**Exercise requirements**
Below are lines of data; restate word for word those running from the line containing "Sur ces panneaux" to the line containing "WD5000BUDT-63G8FY0, DCM HHNTJHNB, 2060-771672-004", inclusive, and no others.

**Recorded data**

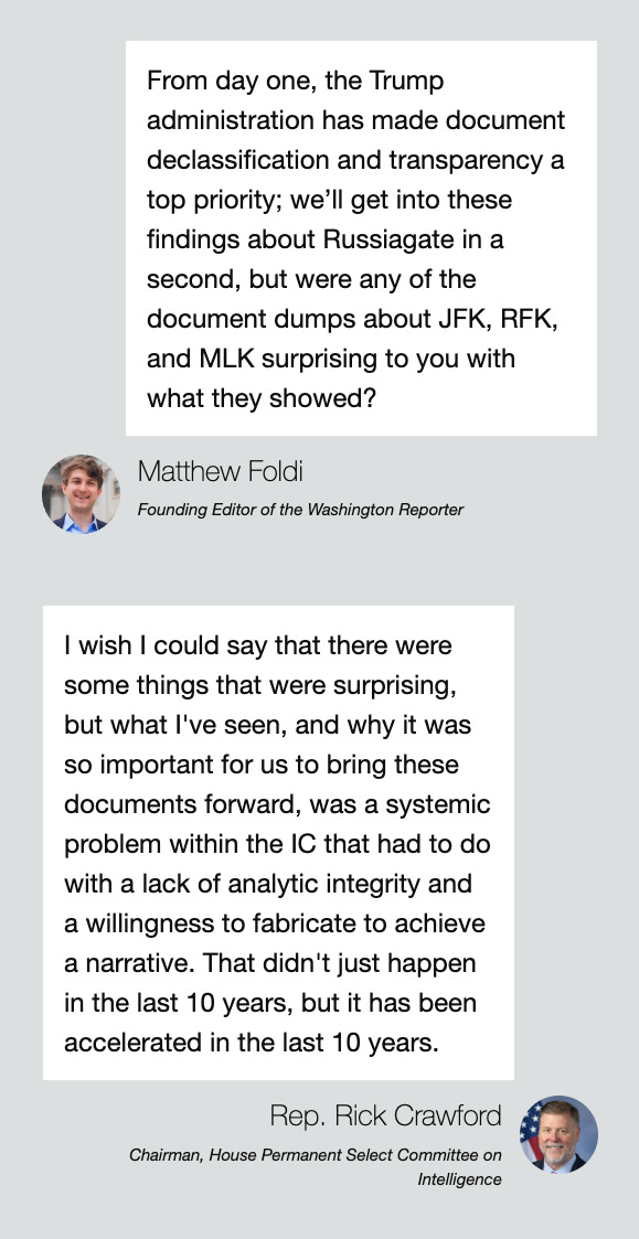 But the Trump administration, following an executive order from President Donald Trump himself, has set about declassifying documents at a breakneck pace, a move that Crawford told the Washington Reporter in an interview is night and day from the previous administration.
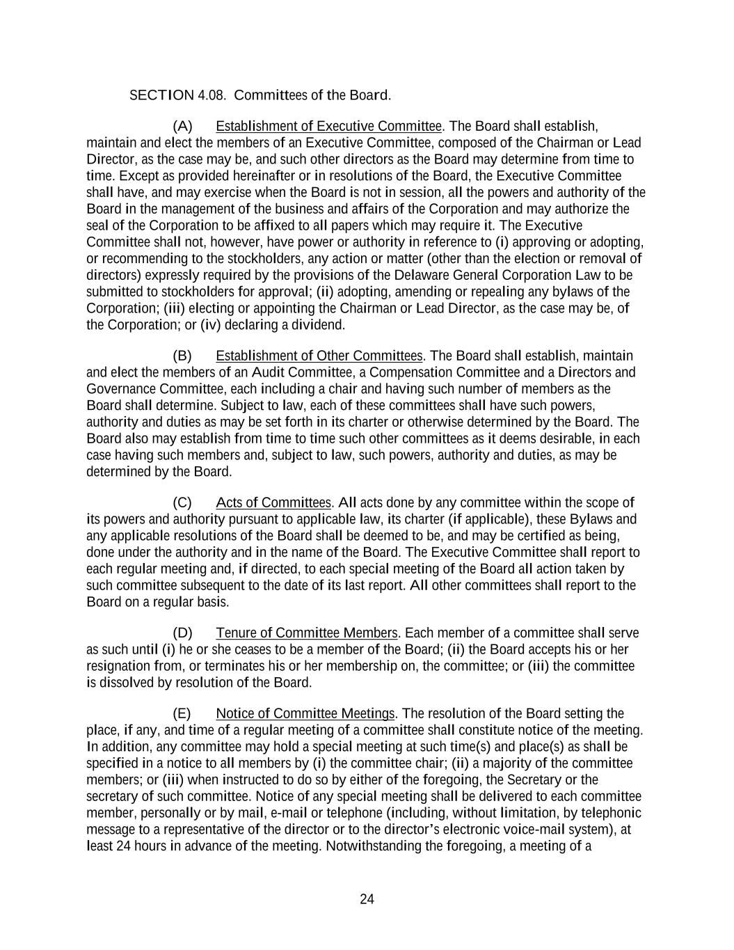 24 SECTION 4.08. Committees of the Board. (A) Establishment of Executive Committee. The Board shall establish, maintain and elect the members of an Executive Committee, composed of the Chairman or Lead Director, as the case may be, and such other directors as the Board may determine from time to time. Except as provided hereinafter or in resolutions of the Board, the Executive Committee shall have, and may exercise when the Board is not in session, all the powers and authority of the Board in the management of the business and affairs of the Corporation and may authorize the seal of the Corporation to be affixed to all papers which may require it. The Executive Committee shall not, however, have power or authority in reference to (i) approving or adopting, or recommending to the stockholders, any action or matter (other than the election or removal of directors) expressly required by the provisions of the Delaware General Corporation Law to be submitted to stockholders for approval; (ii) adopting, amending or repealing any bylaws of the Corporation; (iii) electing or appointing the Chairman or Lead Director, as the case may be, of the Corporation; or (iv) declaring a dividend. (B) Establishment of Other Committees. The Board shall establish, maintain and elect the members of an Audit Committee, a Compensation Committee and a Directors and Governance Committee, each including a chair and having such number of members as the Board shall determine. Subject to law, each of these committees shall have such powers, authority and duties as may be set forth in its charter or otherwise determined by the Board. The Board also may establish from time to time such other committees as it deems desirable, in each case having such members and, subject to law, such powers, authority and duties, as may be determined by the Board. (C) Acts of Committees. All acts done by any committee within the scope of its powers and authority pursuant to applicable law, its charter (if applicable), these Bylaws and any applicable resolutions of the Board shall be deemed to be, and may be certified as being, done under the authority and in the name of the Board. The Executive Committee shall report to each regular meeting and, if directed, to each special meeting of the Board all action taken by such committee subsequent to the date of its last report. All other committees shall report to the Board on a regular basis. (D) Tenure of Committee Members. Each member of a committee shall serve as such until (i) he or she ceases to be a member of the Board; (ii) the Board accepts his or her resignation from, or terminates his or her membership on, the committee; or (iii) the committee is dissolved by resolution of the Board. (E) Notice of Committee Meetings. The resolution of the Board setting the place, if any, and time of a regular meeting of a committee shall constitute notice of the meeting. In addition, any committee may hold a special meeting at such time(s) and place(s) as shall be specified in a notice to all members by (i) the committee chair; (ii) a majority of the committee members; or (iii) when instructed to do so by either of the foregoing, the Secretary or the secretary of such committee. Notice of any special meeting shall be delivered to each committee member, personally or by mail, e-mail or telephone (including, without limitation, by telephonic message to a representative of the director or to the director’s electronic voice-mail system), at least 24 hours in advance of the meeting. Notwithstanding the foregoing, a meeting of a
==
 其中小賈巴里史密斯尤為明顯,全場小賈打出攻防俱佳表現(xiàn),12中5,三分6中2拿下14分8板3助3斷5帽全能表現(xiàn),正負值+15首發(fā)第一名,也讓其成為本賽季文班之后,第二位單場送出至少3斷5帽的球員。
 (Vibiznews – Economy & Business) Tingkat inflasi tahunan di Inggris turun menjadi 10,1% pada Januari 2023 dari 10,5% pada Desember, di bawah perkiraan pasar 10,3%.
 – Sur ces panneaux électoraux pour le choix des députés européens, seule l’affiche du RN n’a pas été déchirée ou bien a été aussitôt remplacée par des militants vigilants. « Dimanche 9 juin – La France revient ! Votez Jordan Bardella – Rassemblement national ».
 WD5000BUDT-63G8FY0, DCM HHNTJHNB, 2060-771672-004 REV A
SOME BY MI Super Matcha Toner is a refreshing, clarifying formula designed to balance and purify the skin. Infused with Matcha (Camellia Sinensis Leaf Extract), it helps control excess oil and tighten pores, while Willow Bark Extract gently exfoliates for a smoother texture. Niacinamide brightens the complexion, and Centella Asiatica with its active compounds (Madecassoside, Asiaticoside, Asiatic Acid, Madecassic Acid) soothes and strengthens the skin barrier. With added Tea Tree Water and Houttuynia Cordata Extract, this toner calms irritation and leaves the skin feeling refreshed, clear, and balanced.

**Answer for this exercise**
 – Sur ces panneaux électoraux pour le choix des députés européens, seule l’affiche du RN n’a pas été déchirée ou bien a été aussitôt remplacée par des militants vigilants. « Dimanche 9 juin – La France revient ! Votez Jordan Bardella – Rassemblement national ».
 WD5000BUDT-63G8FY0, DCM HHNTJHNB, 2060-771672-004 REV A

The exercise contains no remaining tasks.